Her tear-reddened eyes blinked as she digested the lawyer’s advice.

“Then,” Mason went on, “when the law does come, you’ll have plenty of excuse for having had a sleepless night and putting on the weep act. Remember, you were to be married. The man’s sister has been trying to break up the match.”

“Should I bring her in?” she asked.

“Yes,” Mason said. “All the way. Don’t forget, Marcia, the records show you were in the apartment for eleven minutes.

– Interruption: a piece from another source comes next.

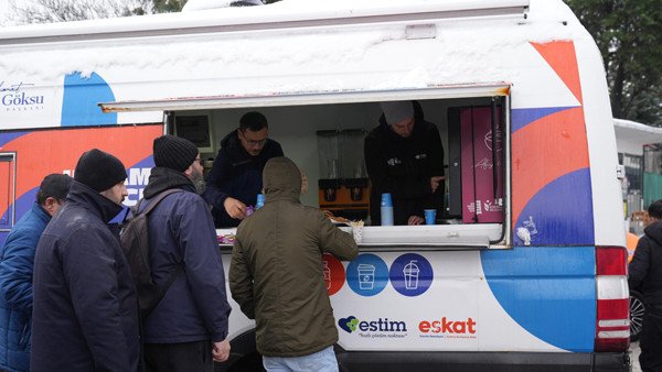 Esenler Belediyesi Halkla İlişkiler ekipleri, etkili olan kar yağışı nedeniyle ilçenin yoğun noktalarında vatandaşlara çeşitli ikramlarda bulundu. İstanbul Valiliği ile koordinasyon içinde gerçekleştirilen çalışmalar kapsamında, sabah saatlerinden itibaren işe giden, trafikte beklemek zorunda kalan ve gün içinde dışarıda bulunan vatandaşlara hizmet veren ESTİM İkram Aracı ile 5 bin kişiye ulaşıldı. Vatandaşlara sunulan sıcak ve soğuk ikramlarla kar yağışının etkili olduğu kış günlerinde günlük yaşamın temposuna destek olundu.
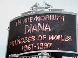 A worldwide exhibit of mourning sickness, centred on Britain once again, following the death of Diana, Princess of Wales in 1997 when the Princess was killed in a car crash in Paris. Almost immediately following word of her death, makeshift memorials to Diana, who had been a hugely popular figure worldwide since her marriage to Prince Charles in 1981, began to pop up, most notably at her residence at Kensington Palace. The memorials became a gathering place for public weeping and for people to bring flowers.[3] Ian Jack, writing in The Guardian, argued that this recreational grieving changed a simple observer of a news story into an active participant, changing people "from audience to actor".[3]

“Get out of those clothes. Get into pajamas and litter this apartment with cigarette stubs. Have a drink of whiskey and leave the whiskey bottle and the glass out where the officers can find ’em. See that there are plenty of half-burnt cigarettes in the bedroom — not stubs, mind you, that would make you seem too calm. You want to register as having had one cigarette after another, with only a puff or two from each. Don’t have any make-up on your face. Let your hair string down. Lie in bed long enough and turn around often enough to get the sheets all rumpled. Go into the kitchen, mix salt into a glassful of water. Sprinkle the salt water on the pillow so it’ll be damp to the touch, but don’t overdo it.

“Can you go through with it?”

“Yes,” she said.

Mason took Della Street’s arm.

Marcia Whittaker stood at the head of the stairs, sobbing silently as she waited for the front door to slam before switching out the light.